Ян Пробштейн - Одухотворенная земля. Книга о русской поэзии
Ронен связывает эти строки с воспоминаниями Надежды Мандельштам и с «Разговором о Данте», истолковывая страх не в физическом, а в метафизическом смысле: это страх перед таинством бытия с его геологическими сдвигами времени, равно как и страх и неуверенность в творчестве, знакомый каждому художнику. Мандельштам сам говорил о таком страхе в «Разговоре о Данте»: «Ужас настоящего, какой-то terror praesentis. Здесь беспримесное настоящее взято как чурание. В полном отрыве от будущего и прошлого настоящее сопрягается как чистый страх, как опасность»[128]. Таким образом, лишь восстановление связи времен, истории и культуры в единении с прошлым и будущим способно избавить от страха настоящего.
Противопоставление «пестрого дня» «ночи-коршуннице», которая «несет/ Горящий мел и грифель кормит», продолжает тему сопряжения двух миров — физического и метафизического, — связанную с темой творчества: «горящий мел»[129], «иконоборческая доска», «кремня и воздуха язык/ С прослойкой тьмы, с прослойкой света» объединяют державинскую тему, «реку времен», с лермонтовским «кремнистым путем» и его же стихом «Из пламя и света рожденное слово»[130]. Вся вторая часть оды является развитием и завершением этой темы, кругообразно (или по спирали) возвращающейся к истокам, вбирающей в себя тему «сдвига» и «стыка» пространственно-временных реалий.

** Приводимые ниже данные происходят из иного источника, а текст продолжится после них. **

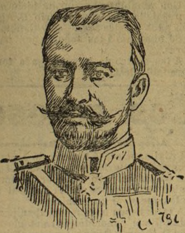
El conde de Sacharoff

— París 4. De Liao-Yang comunican que, en vista de los altos precios que ofrecen los rusos por toda clase de vituallas,

Микушевич верно подметил, что «ночь-коршунница» восходит к Блоку: «Чертя за кругом плавный круг,/ Над сонным миром коршун кружит»[131], тем самым вводя гражданский подтекст и тему тьмы как страдания.
Идут века, шумит война,Встает мятеж, горят деревни,А ты все та ж, моя страна,В красе заплаканной и древней. —Доколе матери тужить?Доколе коршуну кружить?

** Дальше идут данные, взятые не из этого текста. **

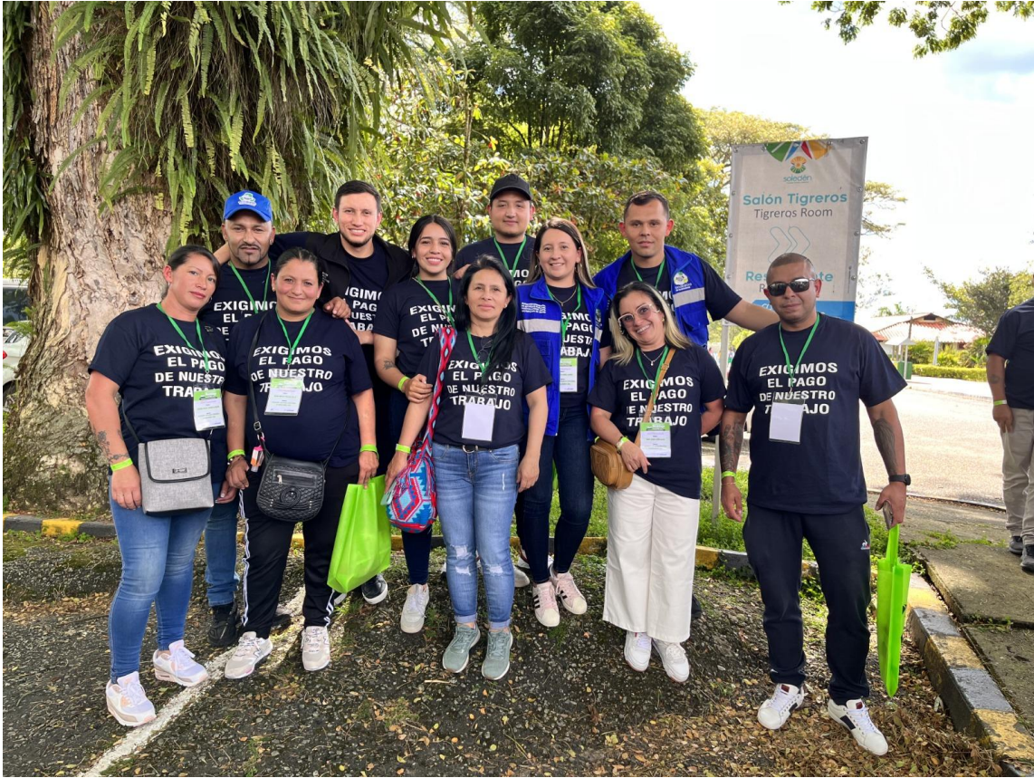
Fotografía 12. Asistencia al segundo Encuentro Internacional de Reciclaje .

Блок задает риторический вопрос, и сам, как прикованный Прометей, возвращается на круги свои, круги ночи, разделяя с родиной ее горе. «Созревает черновик» — это метафора, сближающая творчество с естеством природы: «зрел виноград». «Созревает черновик», «зрел виноград» — это метафоры, сближающие миры. «Им проповедует отвес, / Вода их учит, точит время», «в бабки нежная игра» перекликается с «Нашедшим подкову», выявляют отпечатки прошлого на настоящем, уничтожая пространственно-временные границы. Мандельштам связывает воедино тему творчества и тему памяти:
На изумленной крутизнеЯ слышу грифельные визги.Ломаю ночь, горящий мел,Для твердой записи мгновенной.Меняю шум на пенье стрел,Меняю строй на стрепет гневный.
Во всех черновых редакциях вместо последнего четверостишия были стихи:
Твои ли, память, голосаУчительствуют, ночь ломая,Бросая грифели лесам,Из птичьих клювов вырывая?

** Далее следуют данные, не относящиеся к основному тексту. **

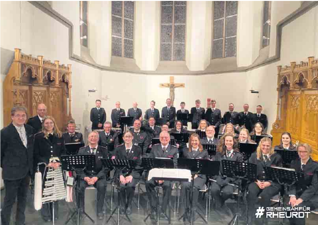
Spielmannszug Freiwillige Feuerwehr Rheurdt

Der Spielmannszug, der sonst vor allem für seine Marschmusik bekannt ist, überraschte das Publikum mit Stücken wie „Highland Cathedral“ und „Drei Nüsse für Aschenbrödel“. Rückmeldungen der Gäste wie „Tränen in den Augen“ und „Gänsehaut“ zeigen mehr als deutlich, dass sich die Mühe unserer Proben absolut gelohnt. Das Feedback bestärkt darin, das Tradition gewordene Adventskonzert in Rheurdt alle zwei Jahre fortzuführen.

Мы только с голоса поймем,Что там царапалось, боролось,И черствый грифель поведемТуда, куда укажет голос.
Исключенные из окончательной редакции стихи, свидетельствуют, по верному замечанию Гаспарова, о том, что «ключевые образы, связывавшие „Оду“ с лежащим в ее основе восьмистишием Державина, шаг за шагом все более вытравляются из текста»[132]; помимо этого, быть может, в них слишком однозначно утверждалась мысль о том, что поэтический дар сродни пророческому — скорее в духе романтиков или символистов, что было неприемлемо для позднего Мандельштама. Кроме того, так как все стихи воронежского цикла по наблюдению М. Л. Гаспарова[133] изменялись еще и в сторону усиления активности лирического «я», мы предполагаем, что «Грифельная ода» знаменует собой переход от полутонов и недоговоренностей книг «Камень» и «Tristia» к более активной жизненной позиции: не пассивное размышление, но сродни самому Державину, поэт «ломает ночь», которая и есть тот «горящий мел», который по праву наследования перешел к нему от Державина, и поэтому он меняет «шум» («Шум времени»?) «на пенье стрел», а «строй» — мелодию, музыку, столь завораживающую в раннем Мандельштаме, на мужественный «гневный стрепет» (скорнение по принципу Хлебникова изменило трепет на его полную смысловую противоположность, причем произошло это случайно, так как машинистка просто сделала опечатку, поставив лишнее «с» по инерции в ряду: «стрел, строй — стрепет», а Мандельштам принял новое слово).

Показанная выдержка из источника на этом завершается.